The Stella 2025 Shortlist is shaping up to be perhaps one the strongest collections yet.
“This year’s shortlist is consequential for Australian literary history, as it is the first time the Stella Shortlist features only women of colour. Now in its 13th year, these works showcase an incredible command of craft and understanding of our uncertain time. These works are riveting, and they stood out to the judging panel for their integrity, compassion and fearlessness.” Astrid Edwards – Chair of the Judges 2025
Melanie Cheng – The Burrow
Amy, Jin and Lucie are leading isolated lives in their partially renovated, inner city home. They are not happy, but they are also terrified of change. When they buy a pet rabbit for Lucie, and then Amy’s mother, Pauline, comes to stay, the family is forced to confront long-buried secrets. Will opening their hearts to the rabbit help them to heal or only invite further tragedy?
The Burrow tells an unforgettable story about grief and hope. With her characteristic compassion and eye for detail, Melanie Cheng reveals the lives of others—even of a small rabbit.
Samah Sabawi – Cactus Pear For My Beloved
The story of a family over the past 100 years, starting in Palestine under British rule and ending in Redland Bay in Queensland.
Filled with love for land, history, peoples it is more than anything else a family story and a love story told with enormous humanity and feeling. How the son (one of six), born at the height of the displacements to a disabled father and illiterate mother, a believer in peaceful resistance, became a leading poet and writer in Palestine, before being forced, with his own young family in tow, to flee and start a new life in Australia.
One of the gifts of Samah Sabawi’s Baba is to remain open-hearted and optimistic.
Santilla Chingaipe – Black Convicts
By uncovering lives whitewashed out of our history, in stories spanning Africa, the Americas and Europe, Black Convicts also traces Australia’s hidden links to slavery, which both powered the British Empire and inspired the convict system itself. Situating European settlement in its global context, Chingaipe shows that the injustice of dispossession was driven by the engine of labour exploitation. Black Convicts will change the way we think about who we are.
Michelle de Kretser – Theory & Practice
It’s 1986, and ‘beautiful, radical ideas’ are in the air. A young woman arrives in Melbourne to research the novels of Virginia Woolf. In bohemian St Kilda she meets artists, activists, students—and Kit. He claims to be in a ‘deconstructed’ relationship, and they become lovers. Meanwhile, her work on the Woolfmother falls into disarray.

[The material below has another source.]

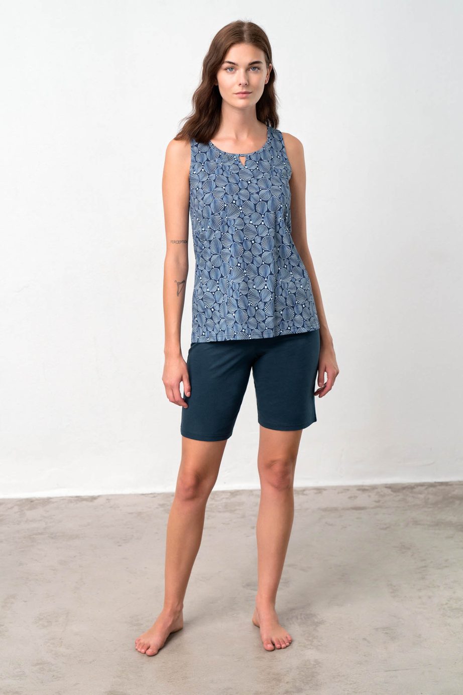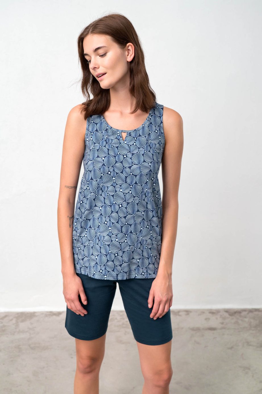 Дамска пижама без ръкави, с кръгло деколте и гладки, къси панталони. Прохладно предложение в сини нюанси, което ще носите през цялото лято.

Theory & Practice is a mesmerising account of desire and jealousy, truth and shame. It makes and unmakes fiction as we read, expanding our notion of what a novel can contain.
Amy McQuire – Black Witness
From one of this country’s leading Indigenous journalists comes a collection of fierce and powerful essays proving why the media needs to believe Black Witnesses.
Black Witness showcases how journalism can be used to hold the powerful to account and make the world a more equitable place. This is the essential collection that we need right now – and always have.
Jumaana Abdu – Translations
Amid a series of personal disasters, Aliyah and her daughter, Sakina, retreat to rural New South Wales to make a new life. Aliyah manages to secure a run-down property and hires a farmhand, Shep, an extremely private Palestinian man and the region’s imām.
During a storm, she drives past the town’s river and happens upon a childhood friend, Hana, who has been living a life of desperation. Aliyah takes her in and tries to navigate the indefinable relationships between both Hana and her farmhand. Tensions rise as Aliyah’s growing bond with Shep strains her devotion to Hana.